Neo4j HA: Election could not pick a winner
Recently I've been spending a reasonable chunk of my time helping people get up and running with their Neo4j High Availability cluster and there's sometimes confusion around how it should be configured.
A Neo4j cluster typically consists of a master and two slaves and you'd usually have it configured so that any machine can be the master.
However, there is a configuration parameter 'ha.slave_only' which can be set to 'true' to ensure that a machine will never be elected as master when an election takes place.

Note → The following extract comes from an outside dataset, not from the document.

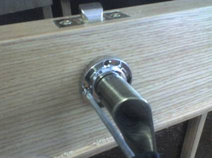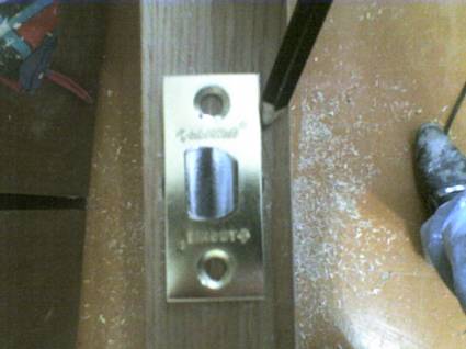 Крепим саморезами замок, далее устанавливаем дверную ручку, также не забудьте, отмерив середину язычка замка на дверной коробке установить запорную планку. Для этого просверлите отверстие под язычок замка и прочертите линию вокруг запорной планки, затем уберите стамеской лишнее, чтобы утопить запорную планку заподлицо двери.
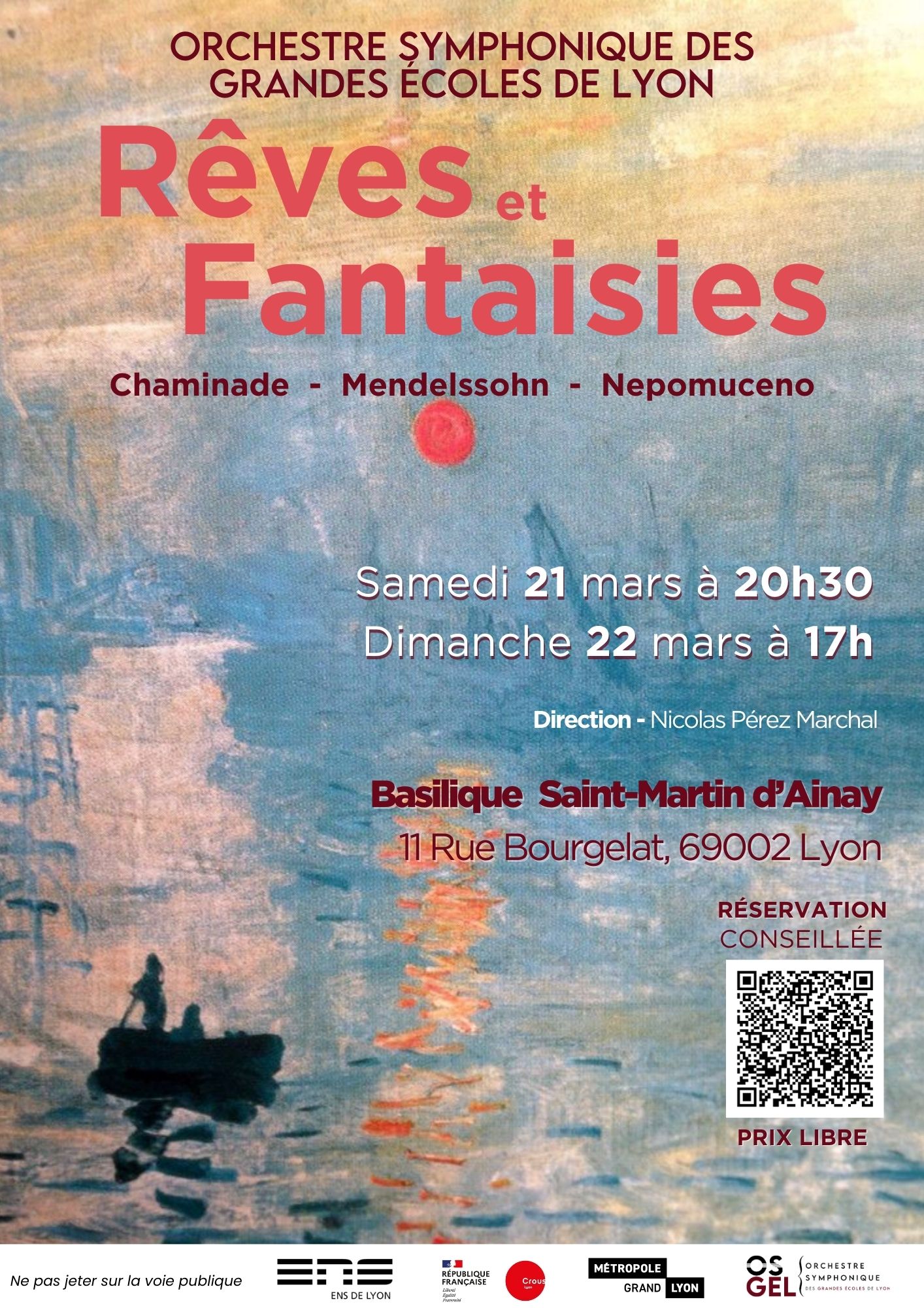 Retrouvez-nous pour nos concerts de printemps à la Basilique Saint-Martin d’Ainay le samedi 21 mars à 20h30 et le dimanche 22 mars à 17h (11 rue Bourgelat, 69002 Lyon). Un programme entre Rêves et Fantaisies: Callirhoë de Cécile Chaminade, Meeresstille und glückliche Fahrt de Felix Mendelssohn et la Série brasileira de Alberto Nepomuceno. Vous pouvez d'ores et déjà réserver votre place sur notre billetterie

We might configure our machine with that setting if it's acting as a reporting instance but we need to make sure that 2 members don't have that setting otherwise we won't have any failover in the cluster.

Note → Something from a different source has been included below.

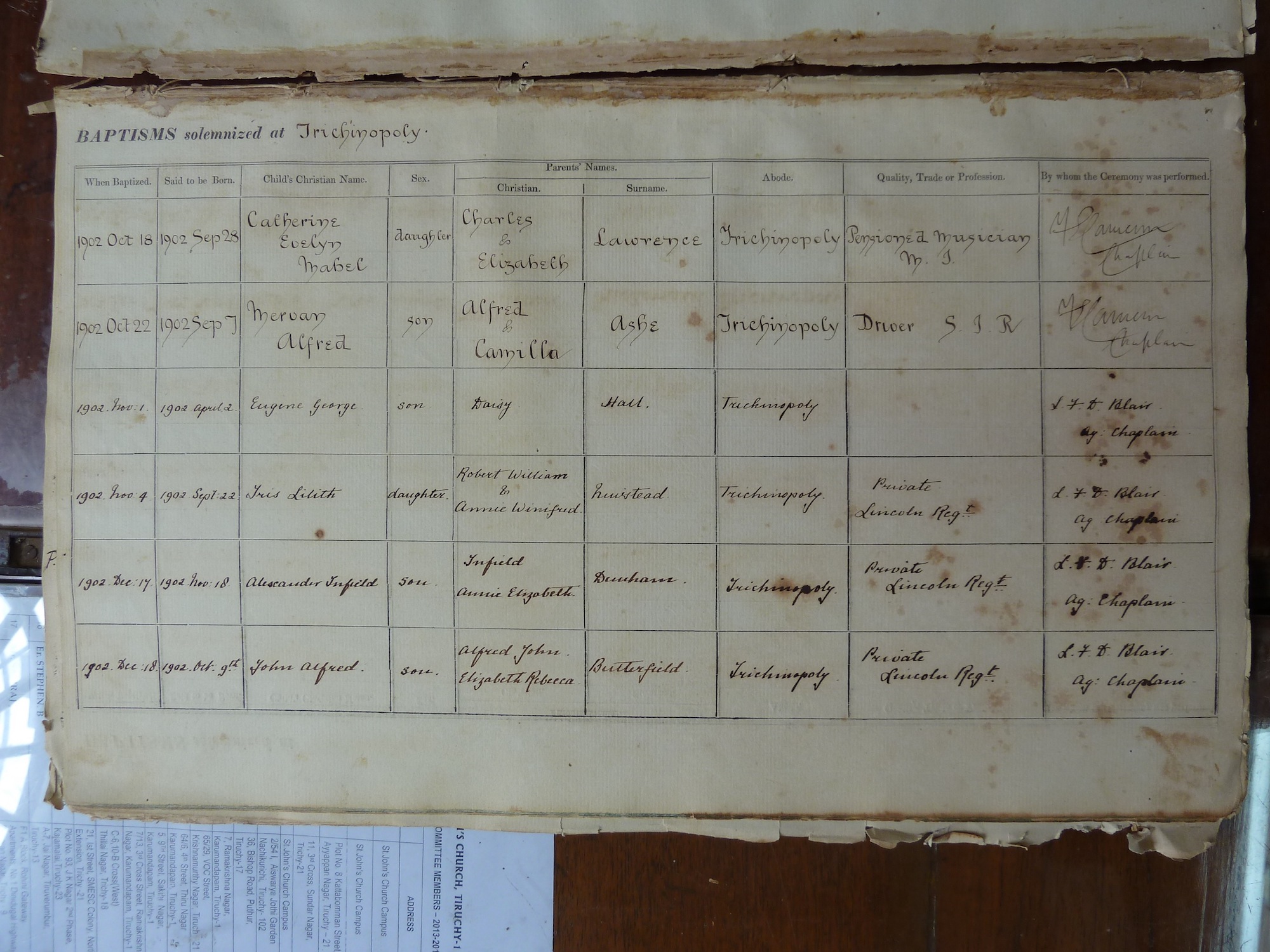St Johns Church Trichinopoly - Baptismal Registers

For example, if we set two of the machines in the cluster to be slave only and then stop the master we'll see output similar to the following in data/graph.db/messages.log:
2014-01-23 11:17:24.510+0000 INFO [o.n.c.p.a.m.MultiPaxosContext$ElectionContextImpl]: Doing elections for role coordinator 2014-01-23 11:17:24.510+0000 DEBUG [o.n.c.p.e.ElectionState$2]: ElectionState: election-[performRoleElections]->election from:cluster://10.239.8.251:5001 conversation-id:3/13# 2014-01-23 11:17:24.513+0000 DEBUG [o.n.c.p.e.ElectionState$2]: ElectionState: election-[vote:coordinator]->election from:cluster://10.151.24.237:5001 conversation-id:3/13# 2014-01-23 11:17:24.515+0000 DEBUG [o.n.c.p.e.ElectionState$2]: ElectionState: election-[voted]->election from:cluster://10.138.29.197:5001 conversation-id:3/13# 2014-01-23 11:17:24.516+0000 DEBUG [o.n.c.p.e.ElectionState$2]: ElectionState: election-[voted]->election from:cluster://10.151.24.237:5001 conversation-id:3/13# 2014-01-23 11:17:24.519+0000 DEBUG [o.n.c.p.a.m.MultiPaxosContext$ElectionContextImpl$2]: Elections ended up with list  2014-01-23 11:17:24.519+0000 WARN [o.n.c.p.e.ElectionState]: Election could not pick a winner
This message initially looks confusing but what it's telling us is that the cluster was unable to elect a new master, in this case because there were no machines that could be elected as master.
So if you see that message in your logs, check your config to make sure that there are actually machines to choose from.